The at least one recirculation heat exchanger unit is preferably arranged between the at least one nozzle element and the at least one main connection element, which is connected to the at least one gas reservoir line, in particular the at least one gas reservoir line, preferably on the nozzle element. The at least one recirculated heat exchanger unit is preferably designed to heat the compressed fuel gas with heat energy from the recirculated gas behind the main connection element, which is connected to the at least one gas reservoir line and in front of the at least one nozzle element, in particular on the main connection element, which is connected to the at least one Gas reservoir line is connected, facing side of the jet pump cavity to heat. The at least one recirculated heat exchanger unit is preferably arranged in the jet pump cavity on the main connection element, which is connected to the at least one gas reservoir line. The at least one recirculated heat exchanger unit can be designed to be integrated in the jet pump unit, in particular in the jet pump cavity. In particular, the at least one recirculated heat exchanger unit can be designed in one piece with the jet pump body. The to- at least one recirculated heat exchanger unit can be designed, for example, as a concentric tube system, as a suitably shaped plate heat exchanger and/or as a tube bundle. The at least one recirculated heat exchanger unit can be formed, for example, as a helical coil. In particular, the at least one recirculation heat exchanger unit can be designed as a plate heat exchanger, which in particular has different plates to which pipes in particular can be welded. The at least one recirculated heat exchanger unit is preferably connected to the recirculated gas line.

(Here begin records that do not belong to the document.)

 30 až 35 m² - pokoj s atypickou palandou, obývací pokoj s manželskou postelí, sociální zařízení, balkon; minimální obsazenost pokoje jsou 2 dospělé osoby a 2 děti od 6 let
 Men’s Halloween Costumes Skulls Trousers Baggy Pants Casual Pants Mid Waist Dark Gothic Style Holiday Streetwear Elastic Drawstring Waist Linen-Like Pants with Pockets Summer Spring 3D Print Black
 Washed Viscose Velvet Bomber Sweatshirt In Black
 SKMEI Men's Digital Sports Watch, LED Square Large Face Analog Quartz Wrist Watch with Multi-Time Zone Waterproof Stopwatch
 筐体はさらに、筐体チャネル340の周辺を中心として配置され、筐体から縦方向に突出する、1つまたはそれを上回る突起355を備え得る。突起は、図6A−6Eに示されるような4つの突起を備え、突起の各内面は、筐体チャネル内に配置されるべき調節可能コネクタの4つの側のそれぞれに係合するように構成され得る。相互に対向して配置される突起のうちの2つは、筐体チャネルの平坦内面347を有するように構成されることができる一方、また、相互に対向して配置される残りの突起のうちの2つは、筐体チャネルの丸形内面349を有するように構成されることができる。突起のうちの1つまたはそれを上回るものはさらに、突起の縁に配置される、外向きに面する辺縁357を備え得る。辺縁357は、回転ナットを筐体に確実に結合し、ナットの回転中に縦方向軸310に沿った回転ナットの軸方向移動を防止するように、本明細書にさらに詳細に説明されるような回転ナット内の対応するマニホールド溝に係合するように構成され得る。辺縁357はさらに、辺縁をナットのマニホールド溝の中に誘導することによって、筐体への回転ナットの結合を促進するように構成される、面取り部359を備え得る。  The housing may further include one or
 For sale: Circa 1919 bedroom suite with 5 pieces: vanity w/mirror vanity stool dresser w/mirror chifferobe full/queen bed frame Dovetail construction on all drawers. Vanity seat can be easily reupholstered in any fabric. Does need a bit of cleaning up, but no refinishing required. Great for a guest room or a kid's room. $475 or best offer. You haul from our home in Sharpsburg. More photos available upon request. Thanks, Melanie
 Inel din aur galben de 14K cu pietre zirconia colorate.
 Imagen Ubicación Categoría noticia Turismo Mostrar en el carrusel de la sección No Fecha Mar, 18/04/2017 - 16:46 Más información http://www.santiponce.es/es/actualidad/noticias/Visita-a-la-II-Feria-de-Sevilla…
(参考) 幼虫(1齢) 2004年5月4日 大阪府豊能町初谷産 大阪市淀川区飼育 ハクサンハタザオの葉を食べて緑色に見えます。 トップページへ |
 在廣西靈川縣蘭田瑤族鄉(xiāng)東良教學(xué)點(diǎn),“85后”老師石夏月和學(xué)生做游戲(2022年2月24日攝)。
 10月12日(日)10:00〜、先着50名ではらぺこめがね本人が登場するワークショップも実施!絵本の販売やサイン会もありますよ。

The at least one jet pump unit preferably comprises at least one jet nozzle element. The at least one jet nozzle element is preferably arranged in the at least one jet pump cavity in a central region of the jet pump cavity, in particular between the at least two main connection elements, which are in particular connected to the gas line. In particular, the jet pump cavity can be tapered in the central region of the jet pump cavity, in particular between the at least two main connection elements, which are connected in particular to the gas line, to form the at least one jet nozzle element. The at least one nozzle element is preferably arranged between the main connection element, which is connected to the gas reservoir line, and the jet nozzle element.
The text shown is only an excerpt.